▸ **What is needed**
Every line of the records must be repeated exactly; pictures stay out.

Records contained in a dataset:
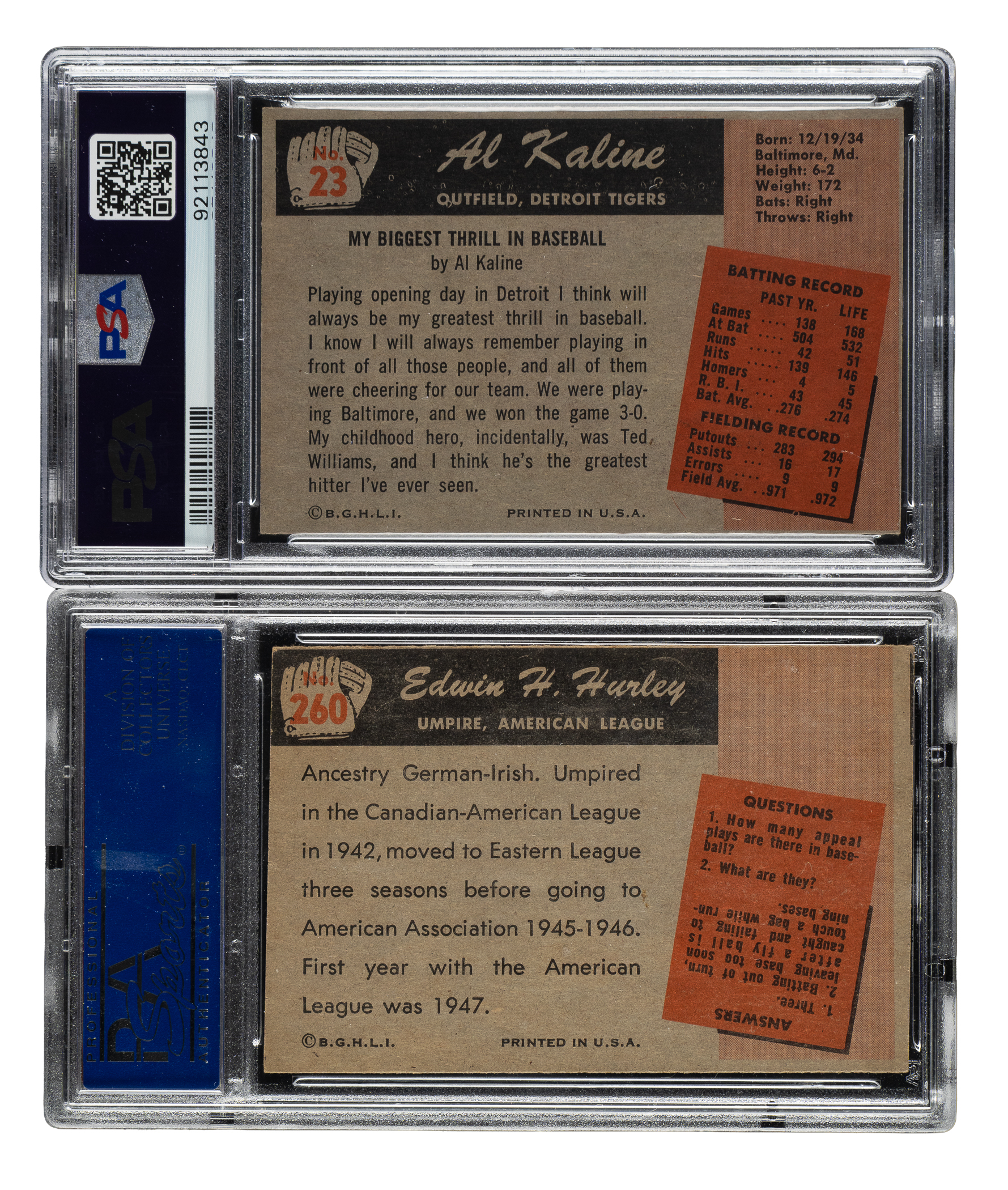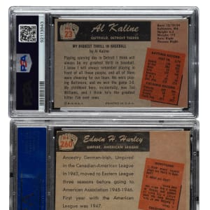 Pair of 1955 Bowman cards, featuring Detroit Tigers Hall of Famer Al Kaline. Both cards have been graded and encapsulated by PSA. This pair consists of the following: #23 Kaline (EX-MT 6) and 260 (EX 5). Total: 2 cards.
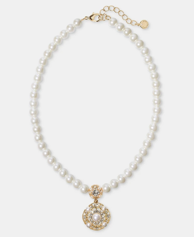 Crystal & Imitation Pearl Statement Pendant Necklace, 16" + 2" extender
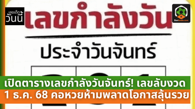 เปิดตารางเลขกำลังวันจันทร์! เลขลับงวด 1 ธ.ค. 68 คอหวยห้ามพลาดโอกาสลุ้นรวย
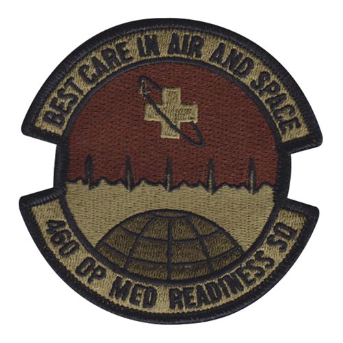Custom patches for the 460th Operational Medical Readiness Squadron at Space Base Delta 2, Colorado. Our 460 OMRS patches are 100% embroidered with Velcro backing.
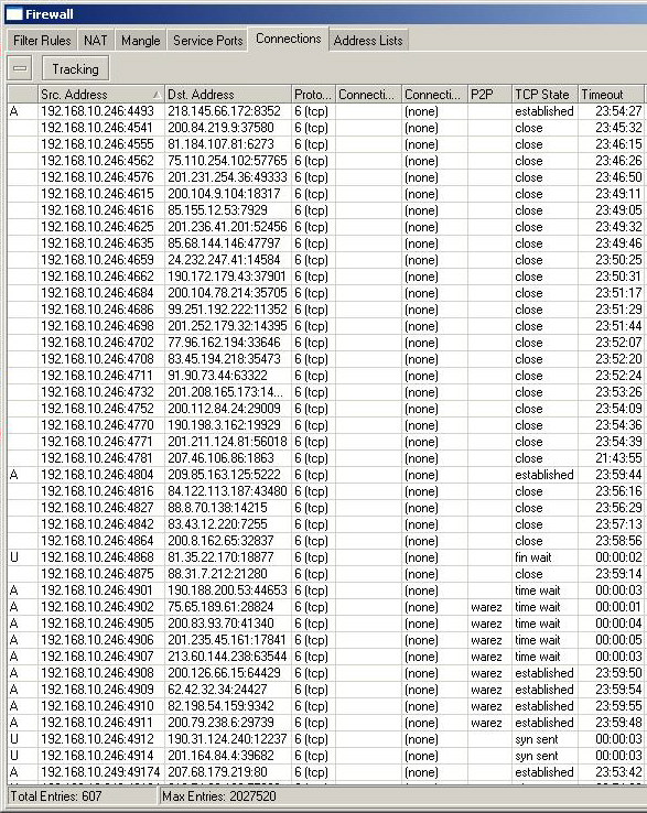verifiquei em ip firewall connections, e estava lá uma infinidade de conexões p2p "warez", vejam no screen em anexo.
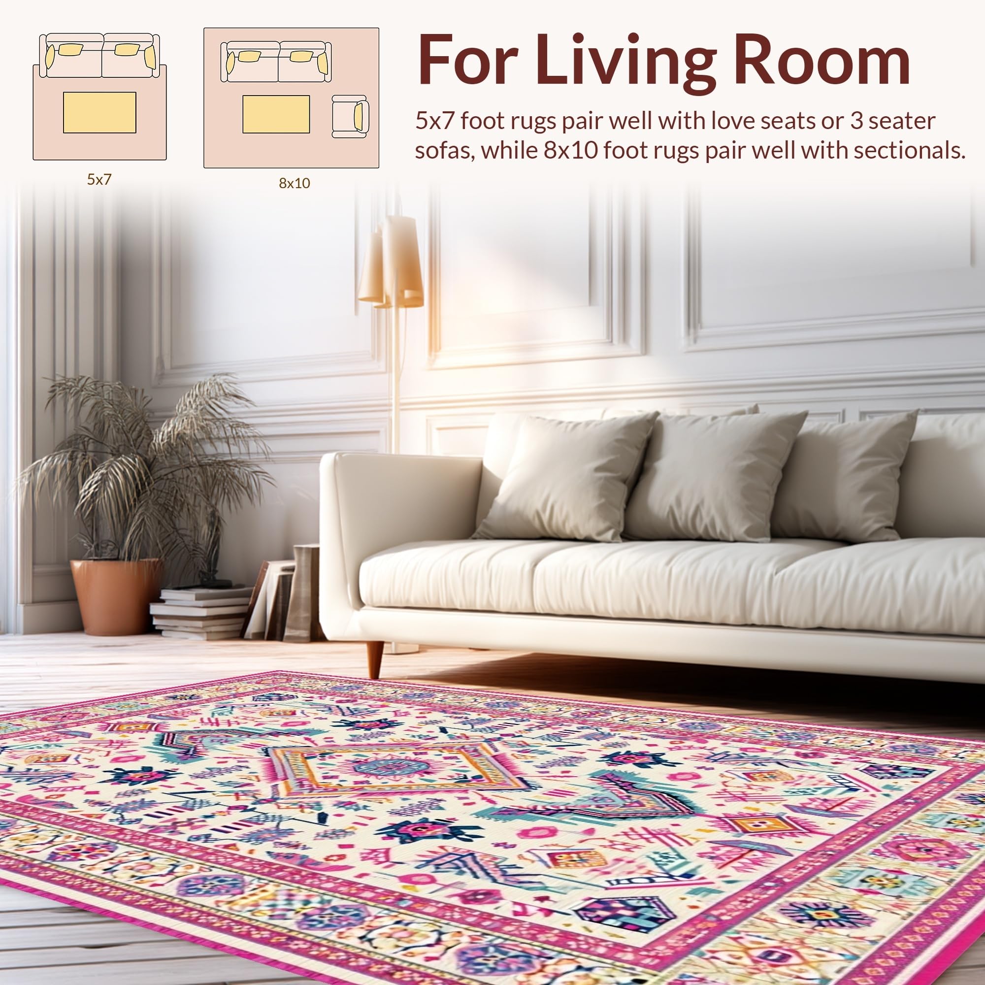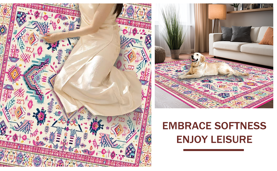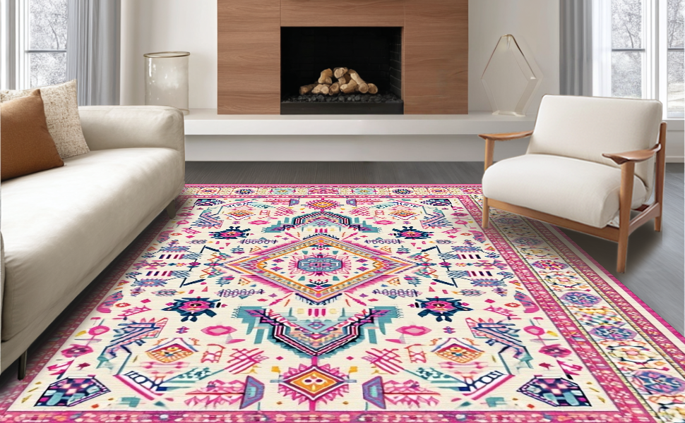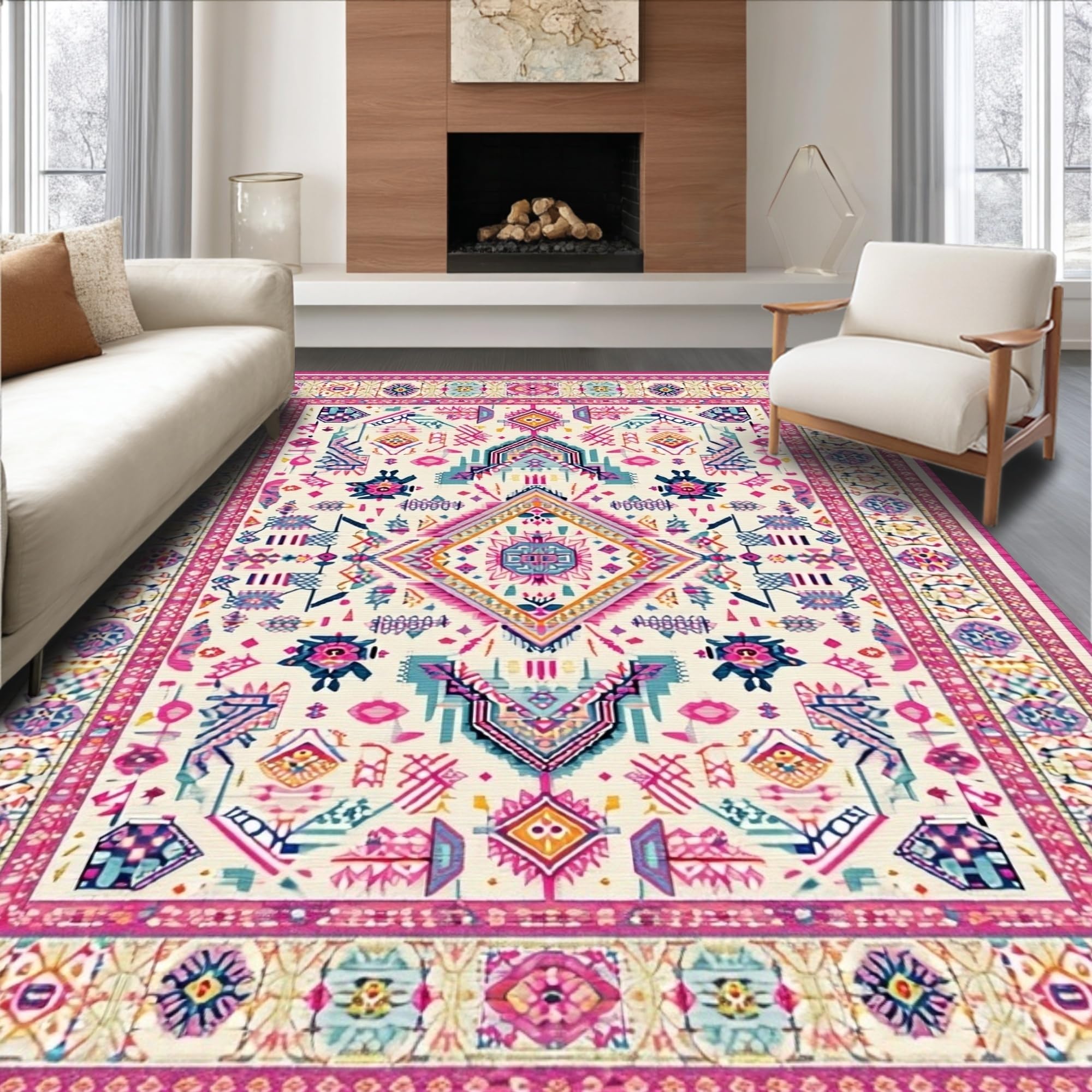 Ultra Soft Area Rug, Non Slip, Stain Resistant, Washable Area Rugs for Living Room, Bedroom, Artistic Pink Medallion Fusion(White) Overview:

▸ **Written answer**
 Pair of 1955 Bowman cards, featuring Detroit Tigers Hall of Famer Al Kaline. Both cards have been graded and encapsulated by PSA. This pair consists of the following: #23 Kaline (EX-MT 6) and 260 (EX 5). Total: 2 cards.
 Crystal & Imitation Pearl Statement Pendant Necklace, 16" + 2" extender
 เปิดตารางเลขกำลังวันจันทร์! เลขลับงวด 1 ธ.ค. 68 คอหวยห้ามพลาดโอกาสลุ้นรวย
Custom patches for the 460th Operational Medical Readiness Squadron at Space Base Delta 2, Colorado. Our 460 OMRS patches are 100% embroidered with Velcro backing.
verifiquei em ip firewall connections, e estava lá uma infinidade de conexões p2p "warez", vejam no screen em anexo.
 Ultra Soft Area Rug, Non Slip, Stain Resistant, Washable Area Rugs for Living Room, Bedroom, Artistic Pink Medallion Fusion(White) Overview:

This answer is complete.